Team leadership does not mean there is no “chief among equals”; it’s both inevitable and good among any group that one person eventually functions as the “senior” or the final buck-stopper—might as well name that and make it plain. But the clear model in the New Testament is team leadership in the local church—plurality, we call it. “Without exception,” says Gregg Allison, “every time the New Testament mentions the government of a particular church, the leadership structure is a plurality of elders” (Sojourners and Strangers, 293).

Wiser Together

Before providing a dozen additional benefits of plurality in leadership, here is a headlining principle: We are wiser together. “Without counsel plans fail, but with many advisers they succeed” (Proverbs 15:22).

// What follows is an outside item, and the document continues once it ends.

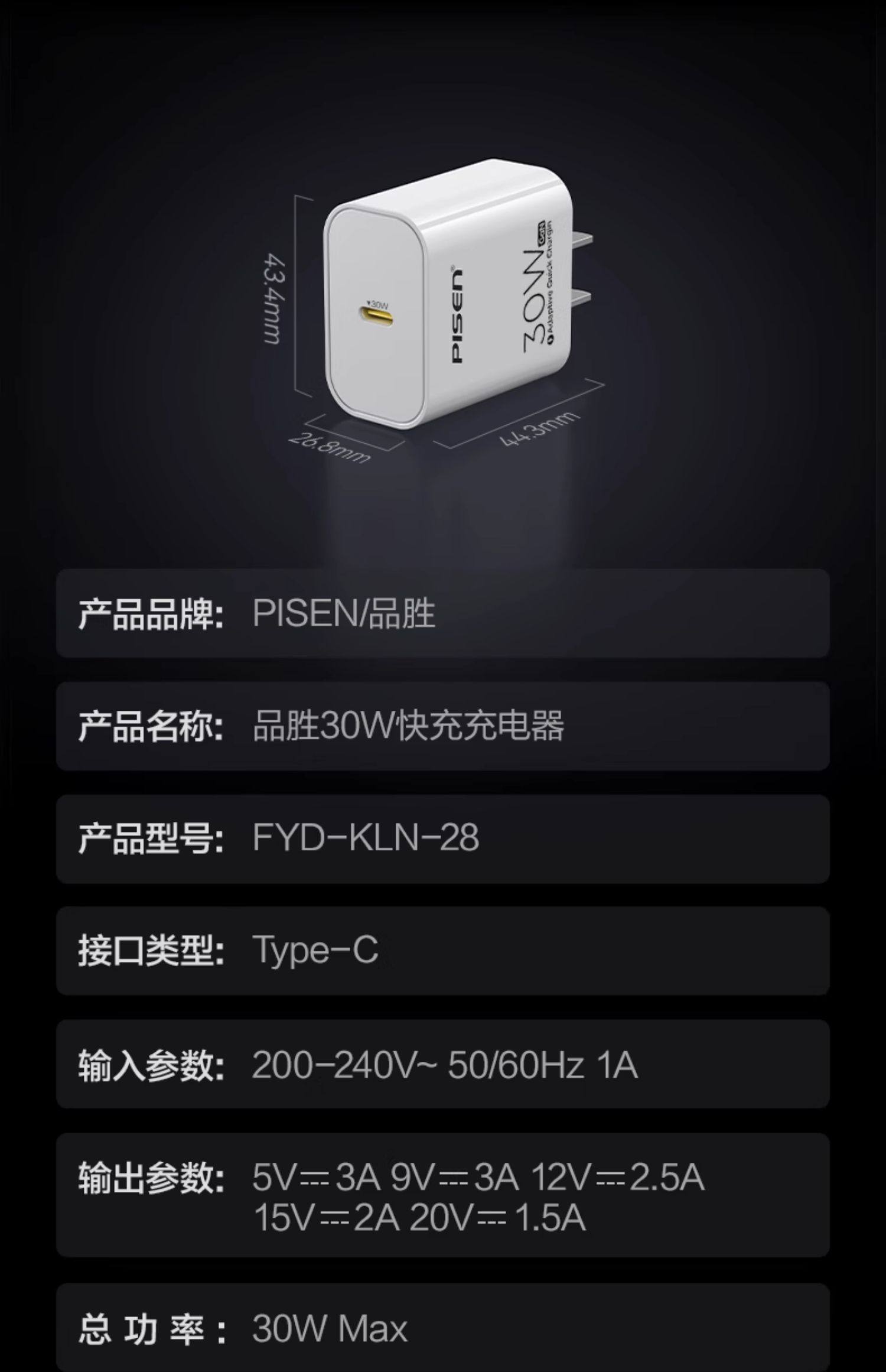 单口最大输出功率:20W

The vast majority of decisions we face in life each day are not clearly laid out in biblical do’s and don’ts. The way we learn to do “what is good and acceptable and perfect” is by being “transformed by the renewal of your minds, that by testing you may discern what is the will of God” (Romans 12:2).

Plurality in leadership, then, is the corporate manifestation of such sobermindedness, sanctified level-headedness. The toughest decisions we face in leadership are not clear do’s and don’ts. And in leadership, the messes multiply and the decisions become more difficult. What we desperately need is to exercise a collective wisdom stemming from God’s remaking of us, not just individually but together. We need to supplement each other’s judgment, and seek to discern together God’s path for the ministry we lead. Which is why one of the first characteristics required of elders in the church is “sober-mindedness” (1 Timothy 3:2).